Посидел, стараясь передохнуть, и, окончательно решив больше на эту тему не разговаривать и нервы свои не тратить, вновь взялся за ручки волокуши, поднялся и буркнул:
– Извини, Григорий Афанасьевич, приказ твой выполнять не буду. Ты же знаешь: русские своих не бросают! А потому судьба в этом походе у нас с тобой общая, – напрягся и попёр, добавив: – Под трибунал отдашь, когда до наших доберёмся.
Тот недовольно забурчал, но мне в данный момент уже было всё равно. Я поставил перед собой задачу идти и шёл, а чтобы отвлечь раненого от горестных мыслей, решил его озадачить:
– Слушай, командир, а ведь если бы мы не были в такой запарке по обороне Новска, то, скорее всего, Апраксина, который в конечном итоге оказался и не Апраксин вовсе, вычислить бы могли уже давно.
Воронцов ответил не сразу. Он покряхтел и, очевидно, превозмогая боль, сквозь зубы спросил:
– И как же, по-твоему, мы бы сумели его разоблачить? Служебная книжка красноармейца у него оказался же со ржавой скрепкой. Нормальный, как у всех. И ботинки с обмотками он новые на складе получал, так что по гвоздям и набойкам тоже бы не вычислили. Тогда как?
– Достаточно легко. Просто мы были с тобой невнимательны, – признал я очевидное.
– Говори, не тяни, – поторопил Воронцов. – А то умру, и так и не услышу, что ты там удумал.
– Вот ты недавно про мою речь говорил, а ведь и с тем диверсантом не так всё просто было. И если ты чуточку напряжёшь память, то сам поймёшь, что этот Михаэль достаточно большое количество раз был на грани провала. И я говорю не о пресловутой скрепке или гвоздях с набойками на сапогах. В первую очередь я имею в виду его речь.
– Ты думаешь, с ней было что-то не так?
– Да всё. Ведь если вспомнить, то он на ней постоянно сыпался. По легенде он кто? Деревенский мужик? А разве он всегда говорил так, как говорят в деревне? Отнюдь! Зачастую его речь была довольно правильной, как речь любого городского и, в общем-то, достаточно образованного человека. Помнишь, какие слова он употреблял: алиби, логическая цепь? Про Канариса знал, про Абвер. А потом бах, и он опять переходил на откровенно сельский диалект. Взять хотя бы его неоднократное коверкание моего имени. Ты помнишь, как он меня называл?

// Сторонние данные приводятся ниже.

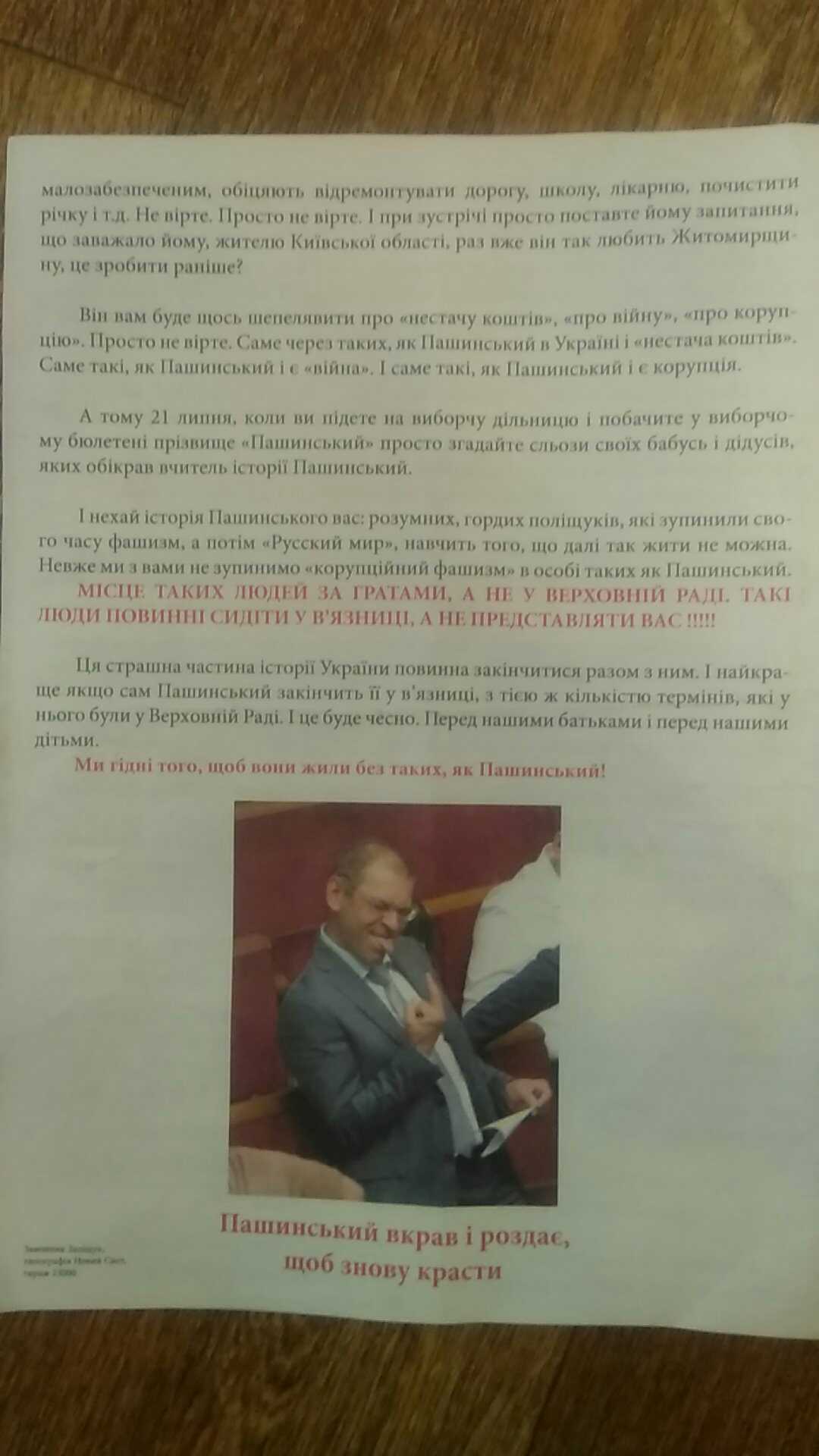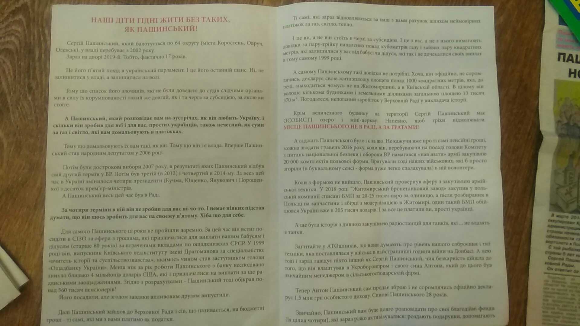У одномандатному виборчому окрузі №64 (м. Коростень), по вулицях та поштових скриньках населених пунктів розповсюджували листівки та газети з ознаками «чорного піару» проти кандидата в народні депутати Сергія Пашинського, який є народним депутатом України та балотується шляхом самовисування від ВО №64.
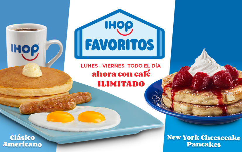 Promoción válida en restaurantes IHOP participantes, de lunes a viernes, del 12 de enero al 16 de agosto de 2026 o hasta agotar existencias. No aplica con otras promociones y/o descuentos. Todos nuestros precios incluyen IVA. Promoción no válida en días festivos. Los platillos de $109 pesos que incluyen café refill son: los Pancakes de sabor, el Clásico Americano y Huevos Rancheros con Pan. Los de $129 pesos que incluyen café refill son: el House Scramble, Ham & Cheese Omelette y los Waffle & Eggs. Los platillos de $159 pesos que incluyen Refresco de refill son: el Chicken Sandwich, Chicken & Pancakes y la Pasta Marinara. Régimen de excepción para entrega a domicilio, ya que pueden aplicar cargos extras. IHOP no puede asegurar que las opciones de su menú no contengan ingredientes que pueden causar una reacción alérgica o tener un impacto negativo en otras restricciones de dieta. Puede solicitar más información sobre los alérgenos en restaurante. Las imágenes son sólo de carácter ilustrativo. ©2026 IHOP Restaurants LLC.
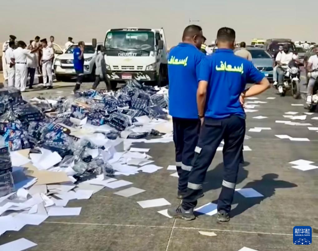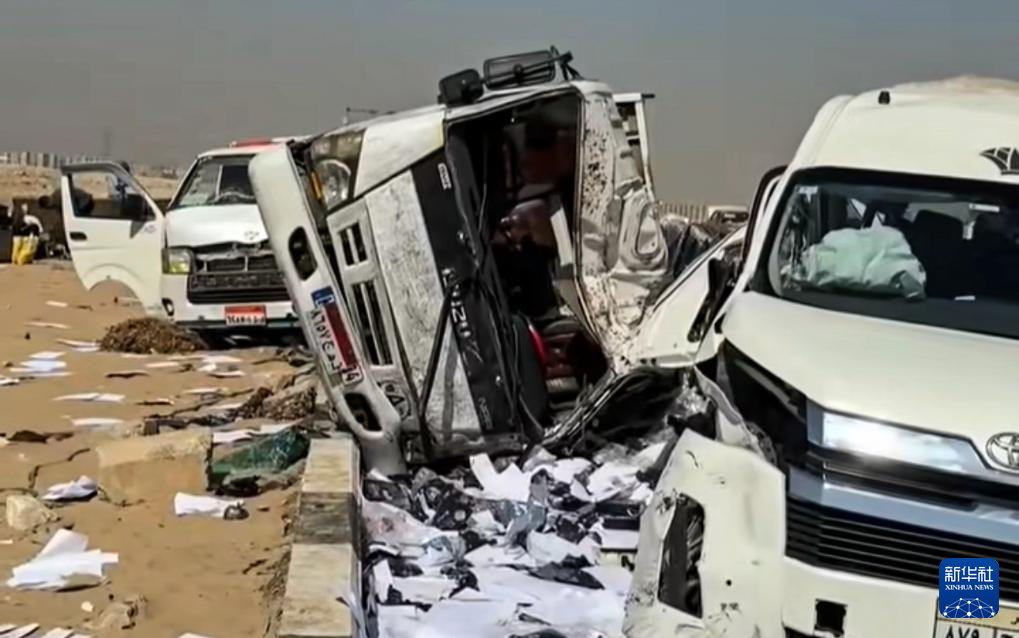 这是9月29日在埃及吉萨省拍摄的交通事故现场。新华社发
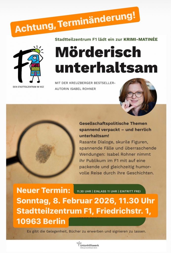 Isabel Rohner liest neu am 8. 2. 2025 zur Krimimatinée im Kreuzberger Stadtteilzentrum F1 (Friedrichstraße 1, direkt an der U-Bahn Hallesches Tor)
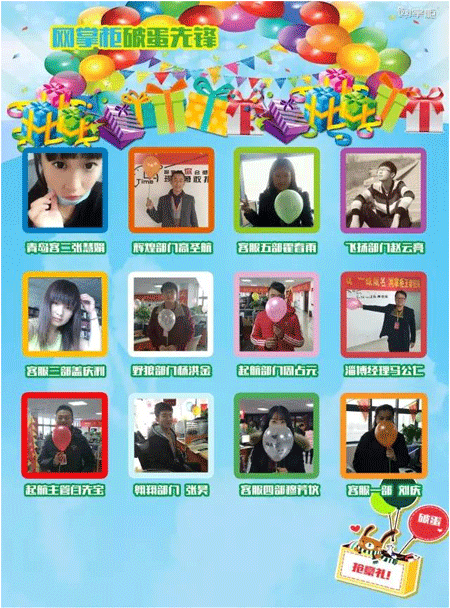 2016年的最后一个月,为了给小伙伴们带来更多的福利,网掌柜举办了一场出单破气球大战!每个小伙伴面前都有一个气球,气球里面有各式各样的大奖(听说还有现金300元呢!)只要你破蛋就能把你面前的气球破掉,里面的大奖就属于你!不仅如此,再出单还可以点名破其他小伙伴的气球,大奖也是属于你的!哇咔咔,听起来就好爽!
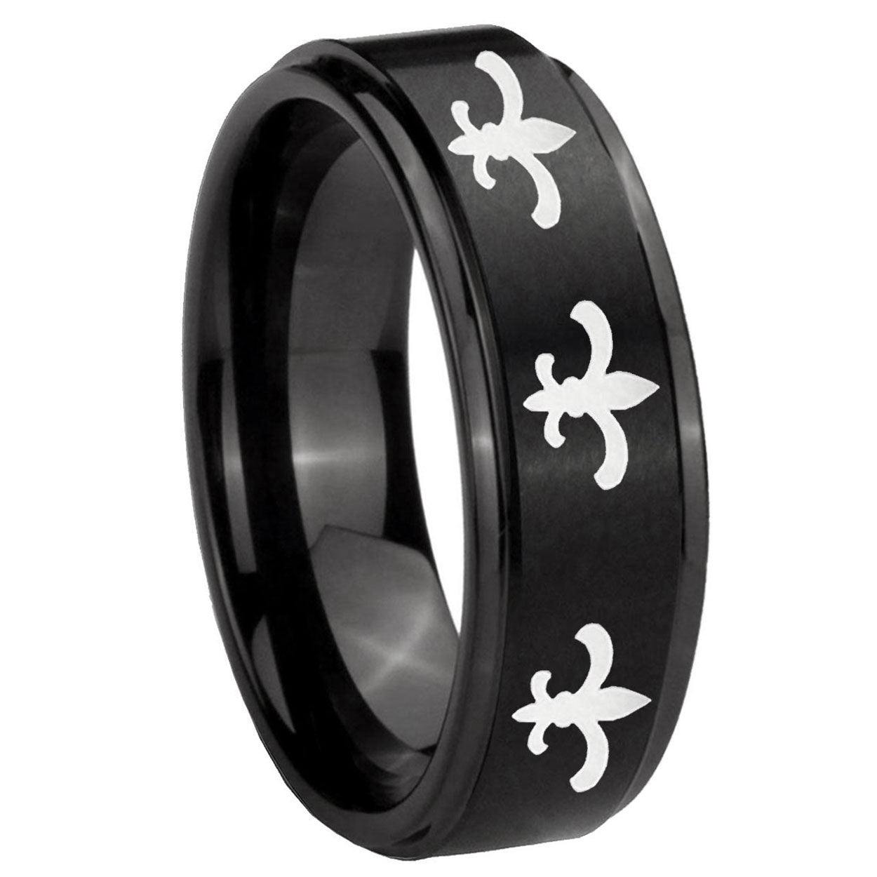 Celebrate with the 10mm Multiple Fleur-De-Lis Step Edges Brush Black Tungsten Wedding Band Mens. This brushed black ring with step edges and Multiple Fleur-De-Lis design is perfect for weddings.

Командир задумался, вновь крякнул и произнёс:
– Ляксей…
– Вот именно! – выдохнул я, поправляя хват. – А ведь так говорят совсем уж в какой-то глухой глубинке, да и то древние старики, которые ещё нашествие Наполеона помнят. А тут вполне нормальный мужик, который, с его слов, во многих городах нашей страны бывал, и такое коверкание вполне обычного имени. – На секунду остановился, вновь перехватил поудобней жерди и, продолжив движение, добавил: – Да и явно имел он знания. Взять хотя бы ту же игру в города, которая у нас непроизвольно возникла совсем недавно. Апраксин, – тут я запнулся, – в смысле Михаэль этот, гад ползучий, показал себя как интеллектуально подкованный человек. А разве человек, обладающий столь широким кругозором, может быть так необразован, что будет коверкать имя? Скорее всего, нет. В смысле, конечно, можно предположить, что это он так просто прикалывался – для себя, – тут я на секунду запнулся, вспомнив, что нахожусь не в своём времени и перефразировал последнюю мысль: – Имею в виду, что он мог надо мной, таким образом, просто шутить – подтрунивать. Но ведь, если вспомнить, что он не только искажал имя, но и другая его речь тоже иногда не блистала правильностью, то всё встанет на свои места. Я, конечно, не филолог, и могу иногда так предложение завернуть, что потом сам диву даюсь, но у него нередко прямо-таки совсем уж неотёсанная речь всплывала. Явно переигрывал, пытаясь вжиться в роль. А вот мы этого не замечали. Привыкли к нему и не обращали внимания. Или я не прав?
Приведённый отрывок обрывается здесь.